# XP Neuinstallation auf Notebook nicht möglich



## tombe (9. November 2013)

Hallo Forum,

Anfang dieser Woche ist mein Notebook mitten im Betrieb plötzlich "abgeschmiert". Beim Neustart wurde dann immer im Bluescreen angezeigt das ein Problem festgestellt wurde und ich das System neu starten soll.

Habe dann mit eingelegter XP CD gestartet und erhielt dann die Meldung das keine Festplatte erkannt wird.

Jetzt habe ich mir heute eine neue Festplatte (neu 320 GB - alt 60 GB) sowie neuen Arbeitsspeicher (neu 2 x 2 GB - alt 1 x 1 GB) gekauft und eingebaut.

Im Bios wird sowohl die Festplatte als auch der Arbeitsspeicher korrekt erkannt. Wenn ich nun aber mit der Installations CD boote, erhalte ich nach kurzer Zeit die Meldung:

Es wurde ein Problem festgestellt.
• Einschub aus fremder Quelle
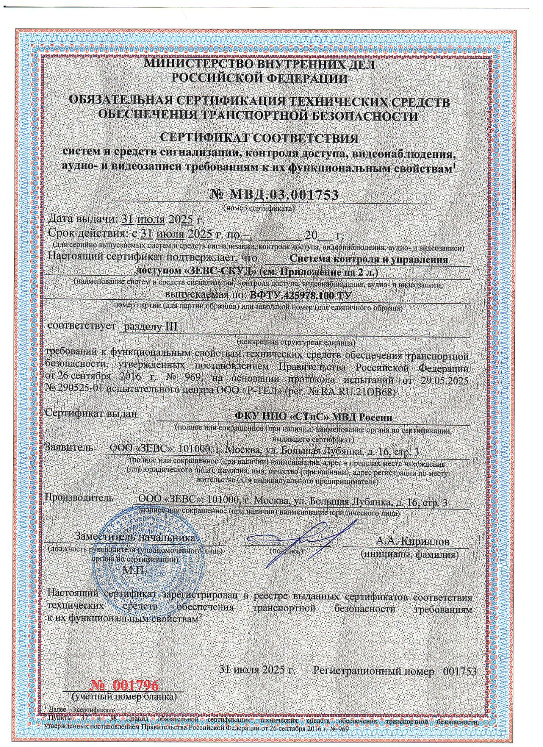 Сертификат обеспечения транспортной безопасности СТиС МВД от 31 июля 2025 г.
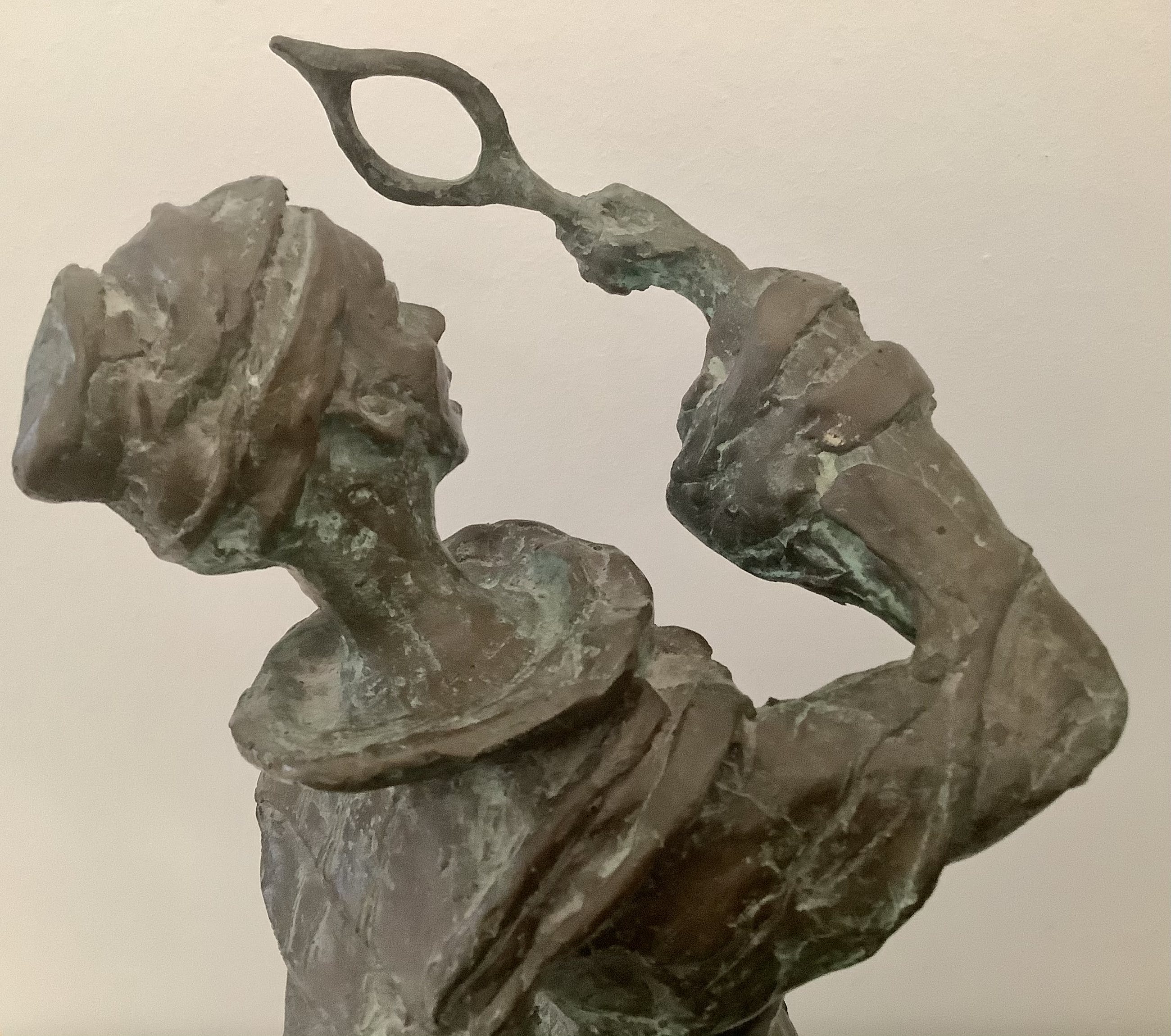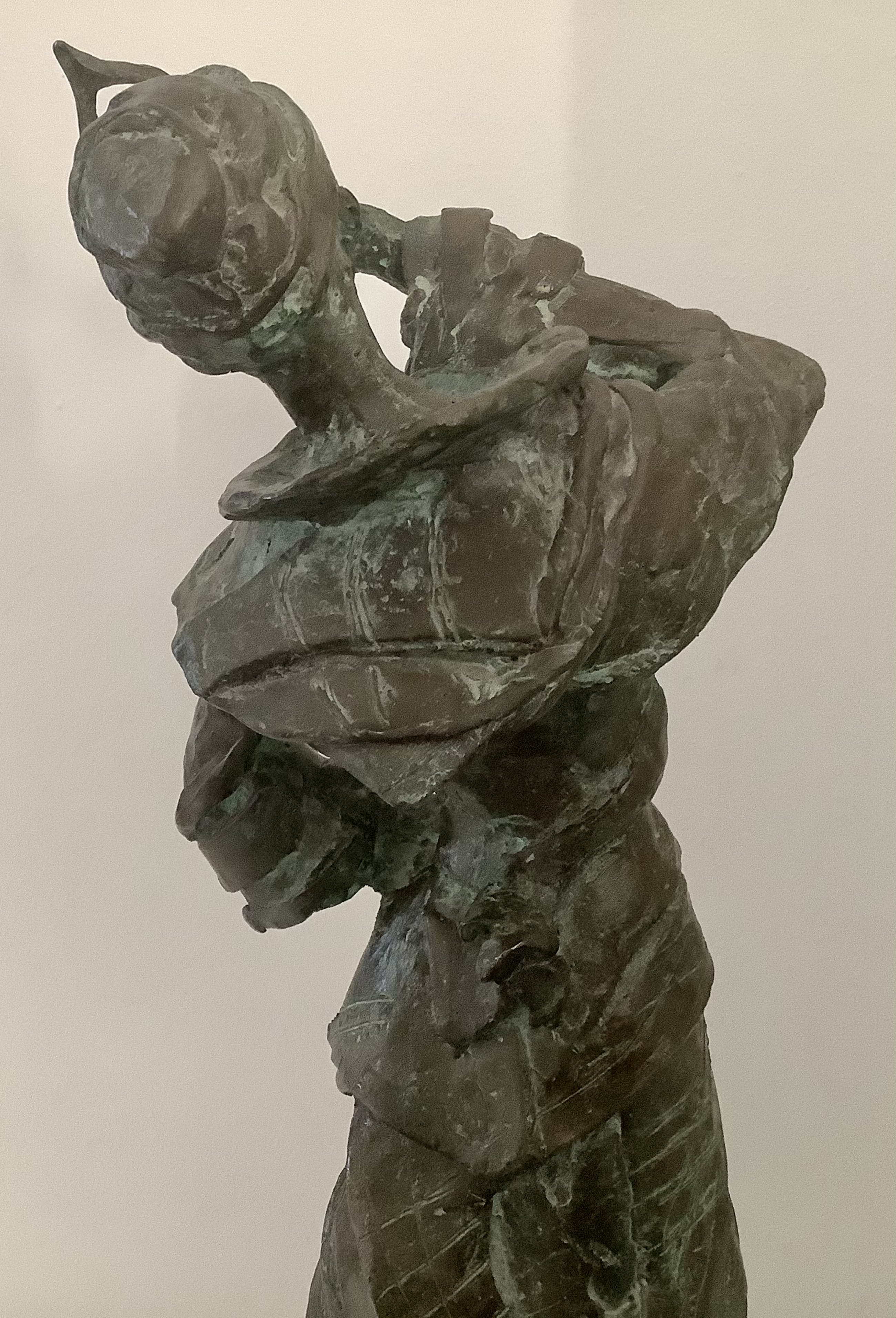 Tineke Bot, 1945, leerling van Mari Andriessen. Bijzondere techniek en zeer vakkundig gegoten en gepatineerd. Natuurstenen sokkel 9 x 9 x 4 cm. Zwaar beeld.

Windows wurde heruntergefahren, damit der Computer nicht beschädigt wird.

Wenn Sie diese Fehlermeldung zum ersten Mal angezeigt bekommen, sollten Sie den Computer neu starten. Wenn diese Meldung weiterhin angezeigt wird, müssen Sie folgenden Schritten folgen:

Überprüfen Sie den Computer auf Viren. Entfernen Sie alle neu installierten Festplatten bzw. Festplattencontroller.
Stellen Sie sicher, dass die Festplatte richtig konfiguriert und beendet ist. Führen Sie CHKDSK /F aus, um festzustellen, ob die Festplatte beschädigt ist, und starten Sie anschließend den Computer erneut.

Technische Information:
*** STOP: 0x0000007B (0xF78D663C, 0xC0000034, 0x00000000, 0x00000000)
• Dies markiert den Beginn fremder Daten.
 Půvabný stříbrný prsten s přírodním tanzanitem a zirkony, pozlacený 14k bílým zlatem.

Ich gehe jetzt mal fast davon aus das meine alte Festplatte nicht die Ursache für mein Problem ist (zumal ich auch von einem Linux Rechner ohne Probleme auf die Platte zugreifen konnte).

Reichen euch diese Angaben um mir vielleicht einen Tipp zu geben woran es jetzt wirklich liegt oder liegen könnte.

Hatte gehofft das ich am Wochenende alles wieder zum Laufen bringen würde.

Danke schon mal

Thomas


----------



## sheel (9. November 2013)

Hi

war das alte Windows vor- oder selbstinstalliert?
Gibts im Bios etwas zu AHCI (wenn ja, hilft ändern)?


----------



## tombe (10. November 2013)

Hallo sheel
nach dem Eintrag im BIOS muss ich mal schauen. Wenn es ihn gibt und Ändern was bringt, werde ich es berichten.

Bis dahin erstmal Danke für den Tipp.

Ach ja Windows war selbst installiert!


----------



## ComFreek (10. November 2013)

Es kann wirklich am BIOS liegen.
Bei meinem PC ist mal der BIOS irgendwie zu Schaden gekommen und wurde deswegen automatisch von meinem Recovery BIOS wiederhergestellt.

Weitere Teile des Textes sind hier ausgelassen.